The Technology Behind Ion Getter Pumps

Ion Getter Pumps were originally used before the advent of turbo molecular pumps, used in most vacuum applications which require high vacuum pressures of 10-6 mbar. Since turbo molecular pumps became commonplace, ion getter pumps have got even better by way of competition, and have also undergone a series of improvements in order to reach 10-9 mbar. Because of this, ion getter pumps are widely acknowledged by the surface science community as the cleanest and the most efficient way to achieve UHV.

But how do they work? It is well known that an ion getter pump is something which does not have moving parts, and captures and holds gas molecules by converting them into solid compounds. These compounds are then bound in the ion getter pump – allowing the pump to hold a vacuum even when it is not in operation. An ion getter pump is something which works with absolutely no vibration, and is shock-free. An added plus of these is the fact that maintenance is absolutely minimal.

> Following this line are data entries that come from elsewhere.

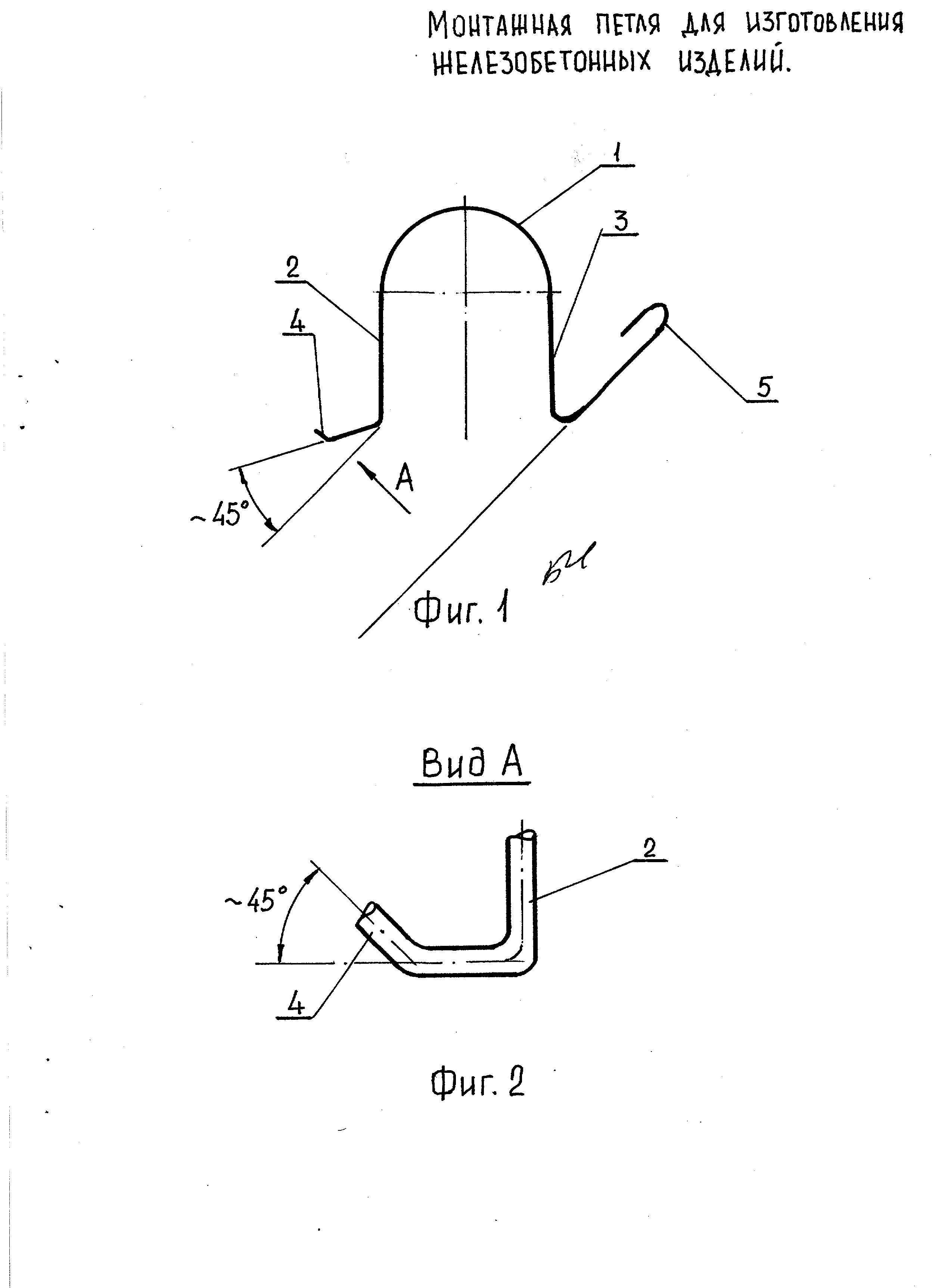1. Монтажная петля для изготовления железобетонных изделий, включающая проушину, ветви и крюки, отличающаяся тем, что профиль монтажной петли имеет арочную форму, при этом проушина выполнена в виде полуокружности, ветви - изогнутыми и направленными в противоположные стороны относительно друг друга, причем плоскость профиля монтажной петли расположена перпендикулярно по отношению к плоскостям изогнутых ветвей с крюками на концах, при этом один из них, расположенный на конце короткой ветви, выполнен в виде загиба. 2. Монтажная петля по п.1, отличающаяся тем, что плоскость короткой изогнутой ветви расположена под углом ~45° по отношению к плоскости другой ветви. 3. Монтажная петля по п.1, отличающаяся тем, что угол загиба крюка короткой ветви составляет ~45° к горизонтальной плоскости.
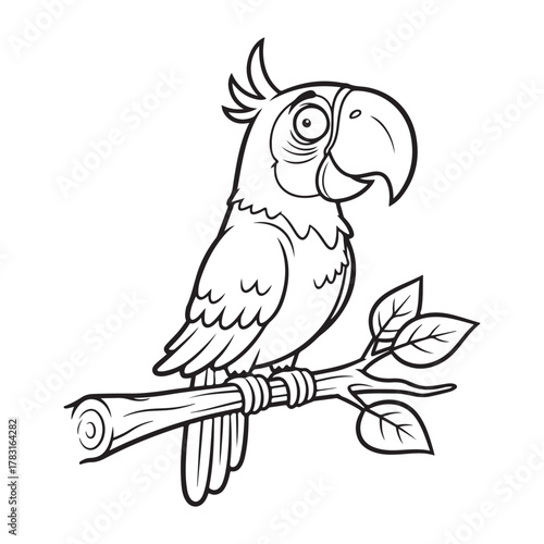 © Alo, Fototapeta premium Funny parrot on a branch coloring page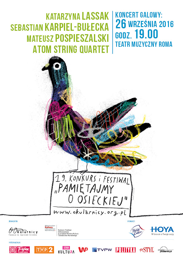Werdykt Jury zostanie ogłoszony podczas Koncertu Galowego w Teatrze Muzycznym ROMA (26.09.2016r., godz. 19.00). Tego wieczoru odbędzie się także koncert „Gonią wilki za owcami” w opracowaniu muzycznym Mateusza Pospieszalskiego, inspirowany różnymi tradycjami – muzyki gór, klasycznej i popularnej. Koncert ten będzie ukłonem w stronę twórczości m. in. Katarzyny Gaertner, Adama Sławińskiego i Andrzeja Zielińskiego, którzy w swoich kompozycjach do słów Agnieszki Osieckiej w sposób bardzo subtelny czerpali z różnych kultur i gatunków muzycznych. Piosenki Agnieszki Osieckiej zaśpiewają i zagrają pochodząca z Zakopanego skrzypaczka i wokalistka Katarzyna Lassak oraz gościnnie Sebastian Karpiel-Bułecka. W koncercie wystąpi też jeden z najciekawszych jazzowych kwartetów smyczkowych Atom String Quartet. To będzie żywiołowy, multiinstrumentalny i niepowtarzalny koncert! Bilety dostępna na eBilet.pl oraz bilety.teatrroma.pl i w kasach Teatru ROMA.

The Assembly of an Ion Getter Pump

In order to achieve and maintain UHV, electron cloud development, gas molecule ionisation, and ion impact is imperative. An ion getter pump consists of one or more elements (which each consist of 2 respective cathode plates and an anode) for pumping. These are both the corresponding external permanent magnets, as well as the housing itself.

The elements themselves are of note in an ion getter pump because they do the actual pumping work. The anodes within them are made up of varying metal cylinders which are welded together in a honeycomb type fashion. At the centre of each cylinder is a penning cell. Essentially, the more cells an anode has, the higher the pumping speed of the element itself. They are located between the two cathodes, and separated from them by a gap of which gas travels through. Electronically, they are insulated via ceramic insulators. The anode and the corresponding cathodes are then connected tightly and then insulated.

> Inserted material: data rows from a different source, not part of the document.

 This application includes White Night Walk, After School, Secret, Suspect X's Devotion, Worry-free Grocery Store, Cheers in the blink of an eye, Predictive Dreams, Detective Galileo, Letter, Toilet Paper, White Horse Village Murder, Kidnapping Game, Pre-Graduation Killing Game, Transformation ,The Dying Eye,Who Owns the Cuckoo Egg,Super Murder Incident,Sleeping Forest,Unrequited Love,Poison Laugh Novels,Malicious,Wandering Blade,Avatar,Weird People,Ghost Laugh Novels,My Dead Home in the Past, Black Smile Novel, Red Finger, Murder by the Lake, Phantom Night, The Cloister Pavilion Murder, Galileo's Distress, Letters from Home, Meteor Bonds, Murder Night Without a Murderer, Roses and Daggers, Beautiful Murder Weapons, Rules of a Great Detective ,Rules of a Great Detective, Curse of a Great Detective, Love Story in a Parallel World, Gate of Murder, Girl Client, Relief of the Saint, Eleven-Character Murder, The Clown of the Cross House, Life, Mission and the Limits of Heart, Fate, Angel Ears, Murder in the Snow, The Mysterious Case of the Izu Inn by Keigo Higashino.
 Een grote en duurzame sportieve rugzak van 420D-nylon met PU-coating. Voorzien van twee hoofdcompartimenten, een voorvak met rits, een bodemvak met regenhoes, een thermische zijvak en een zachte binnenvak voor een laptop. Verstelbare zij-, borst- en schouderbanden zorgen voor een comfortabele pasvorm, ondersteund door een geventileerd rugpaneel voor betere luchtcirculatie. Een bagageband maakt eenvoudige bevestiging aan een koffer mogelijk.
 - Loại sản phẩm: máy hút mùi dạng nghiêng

The housing then covers the elements- creating a small vacuum chamber which has pockets to hold the pumping elements.

How Do Titanium Sublimation Pumps Work with Ion Getter Pumps?

Not to be confused with the ion getter pump, the titanium sublimation pump is a useful accompaniment. Titanium sublimation pumps tend to have a high speed for pumping some gases, though of course the speed does vary depending on which gas. A titanium sublimation pump works by heating filaments of titanium alloy until the titanium itself sublimates from the surface of this filament into the vacuum which is created.

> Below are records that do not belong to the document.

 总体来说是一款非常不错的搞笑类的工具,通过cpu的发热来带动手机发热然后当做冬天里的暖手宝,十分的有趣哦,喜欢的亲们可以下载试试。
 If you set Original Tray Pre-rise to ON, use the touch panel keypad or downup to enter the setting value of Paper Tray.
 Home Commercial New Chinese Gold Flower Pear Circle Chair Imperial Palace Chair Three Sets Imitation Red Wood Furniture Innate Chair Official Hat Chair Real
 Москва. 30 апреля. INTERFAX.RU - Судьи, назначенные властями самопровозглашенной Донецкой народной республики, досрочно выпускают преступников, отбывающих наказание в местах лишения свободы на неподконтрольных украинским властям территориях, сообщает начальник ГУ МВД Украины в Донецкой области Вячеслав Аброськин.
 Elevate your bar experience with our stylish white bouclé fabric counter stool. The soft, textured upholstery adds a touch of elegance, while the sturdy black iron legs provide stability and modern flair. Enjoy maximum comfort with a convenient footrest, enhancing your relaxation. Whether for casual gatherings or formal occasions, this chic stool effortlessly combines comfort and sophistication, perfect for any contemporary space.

The titanium then is to precipitate on the surrounding surfaces within the vacuum and forms a thin layer over it. This layer has a high pumping speed when combined with reactive gas, and can be boosted further by cooling the surfaces by introducing water or liquid nitrogen depending on material. Titanium sublimation pumps are strongly recommended for gases such as H20, C0, CO2, and 02. Nitrogen as a coolant is recommended for pumping of H2 and N2.